TFBS Benchmark Dataset
A benchmark dataset for evaluating variant effect prediction models on transcription factor binding site (TFBS) disruption tasks.
Dataset Description
This dataset contains 90,758 variants in transcription factor binding sites with comprehensive annotations for benchmarking variant effect prediction models, particularly the LOL-EVE model.
Dataset Summary
- Total variants: 90,758
- Species: Primarily human (homo_sapiens)

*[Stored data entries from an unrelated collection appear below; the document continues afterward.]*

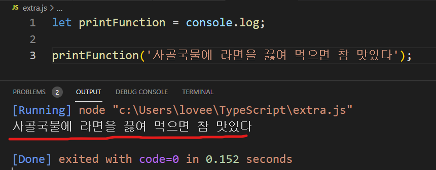 printFunction('사골국물에 라면을 끓여 먹으면 참 맛있다');
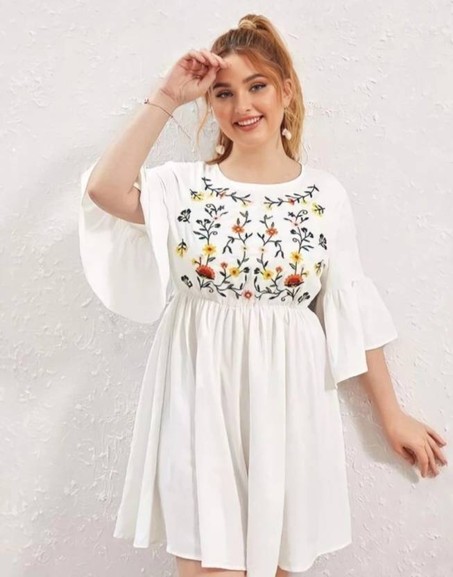 Women A-line White Above Knee/Mid Thigh Length Dress
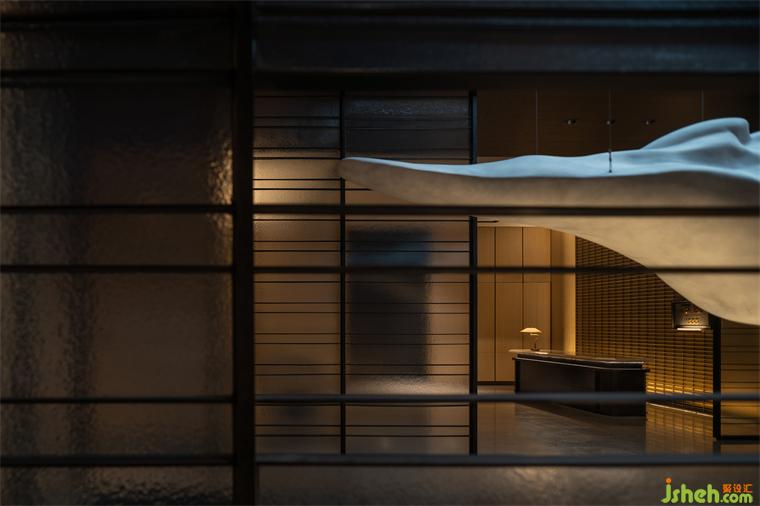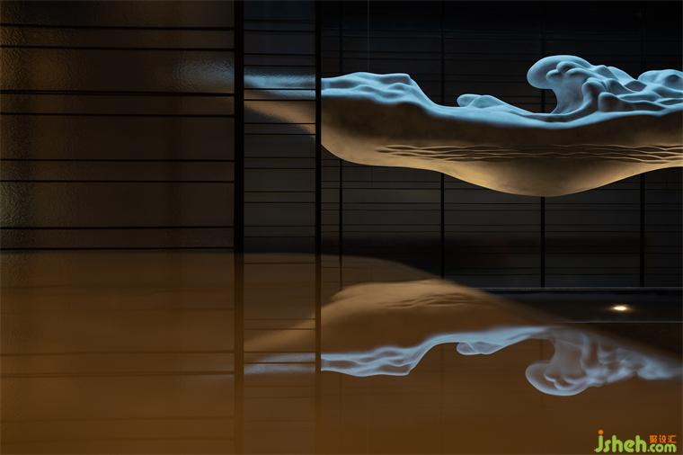 云與浪幻化為船只的形態(tài),含蓄巧妙的對(duì)雕塑本體施以靜謐的負(fù)形水紋,就像船只行駛在水面上,由水面的波光反射到船身處。以間接的表達(dá)來襯托船只在水面上前行,詩意而浪漫。裝修設(shè)計(jì)負(fù)形手法的水紋,在陰陽的變幻之間更彰顯著東方的文化韻味。
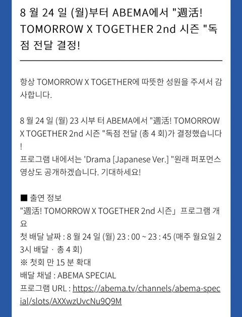 아베마tv TXT 시즌2 총4회 결정
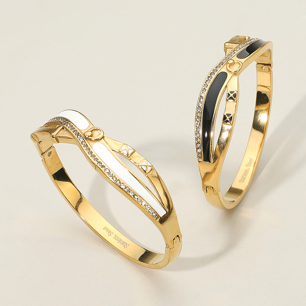 Details • Size : 0.6" H, 2.5" D • Hinged Closure • Modern bangle bracelet featuring geometric detailing and sleek contrasting inlay with a sparkling accent line. Designed with a secure hinged closure, this sophisticated piece adds a refined edge to both everyday looks and evening ensembles. • CZ Cubic Zirconia • Stainless Steel
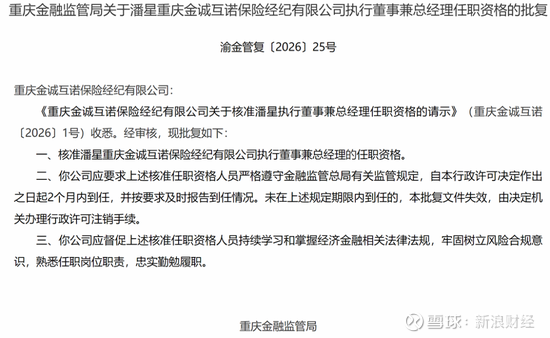 2026年3月5日,国家金融监督管理总局重庆监管局官网发布任职批复,正式核准潘星担任重庆金诚互诺保险经纪有限公司(下称“金诚互诺”)执行董事兼总经理的任职资格。
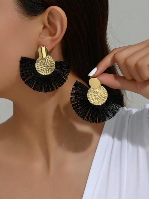 Aros Pasantes Fantasia Laton Importados, con detalle Flecos Cierre Mariposa.
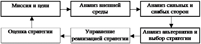 Планирование стратегии организации, с одной стороны, является подсистемой стратегического управления, с другой – оно представляет сущностную основу процесса стратегического планирования, которое отличается от него лишь этапами реализации и последующей оценки стратегии. Поэтому в дальнейшем изложении допускается отождествление понятий "планирование стратегии" и "стратегическое планирование".
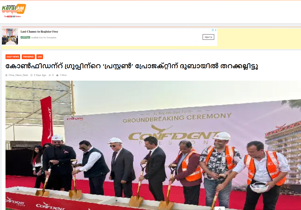 Dubai, UAE: South India’s leading real estate developer, Confident Group, has officially laid the foundation stone for its latest residential development, Confident Preston, in Dubai’s thriving Liwan district. The project marks another milestone in the Group’s growing presence in the UAE real estate sector.
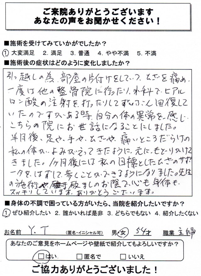 引っ越しの為、部屋の片付けをしていて、ひざを痛め、一度は他の整骨院に行ったり、外科でヒアルロン酸の注射を打ったりしてずいぶん回復していたのですが、ある時、自分の体の異常を感じこちらの院にお世話になることにしました。
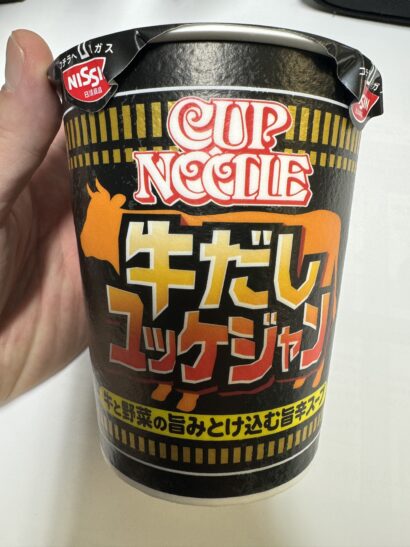 日勤の時はだいたいお弁当を事前に頼んでおく事がほとんどなのですが、今日は起きてから昼はカップ麺にしようという事で、選んだのがコチラ↓

- Genes: Multiple genes with TFBS variants
- Transcription factors: Various TFs including CAMTA1, CAMTA2, CLOCK, E2F6, EBF3, ETV6, HAP1, HIC2, HIF1A, HSF1, KLF15, KLF7, MAX, MNT, and others
- Sequence context: 500bp promoter sequences centered on variants
Dataset Structure
Features
| Feature | Type | Description |
|---|---|---|
variant_id |
string | Unique identifier for each variant |
chromosome |
string | Chromosome (e.g., chr1) |
position |
int64 | Genomic position |
ref |
string | Reference allele |
alt |
string | Alternative allele |
gene |
string | Gene symbol |
species |
string | Species name (e.g., homo_sapiens) |
tf |
string | Transcription factor name |
wt_seq |
string | Wild-type sequence (500bp) |
var_seq |
string | Variant sequence (500bp) |
mammalian_constraint |
float32 | Mammalian constraint score |
expression_variability |
float32 | Expression variability score |
distance_tss |
int64 | Distance to transcription start site |
Data Splits
The dataset contains a single split with all 90,758 variants.
Usage
Loading the Dataset
from datasets import load_dataset
# Load the dataset
dataset = load_dataset("cshearer/LOL-EVE-TFBS-Benchmark")
# Access the data
train_data = dataset["train"]
print(f"Dataset size: {len(train_data)}")
print(f"Features: {list(train_data.features.keys())}")
# Example usage
example = train_data[0]
print(f"Variant ID: {example['variant_id']}")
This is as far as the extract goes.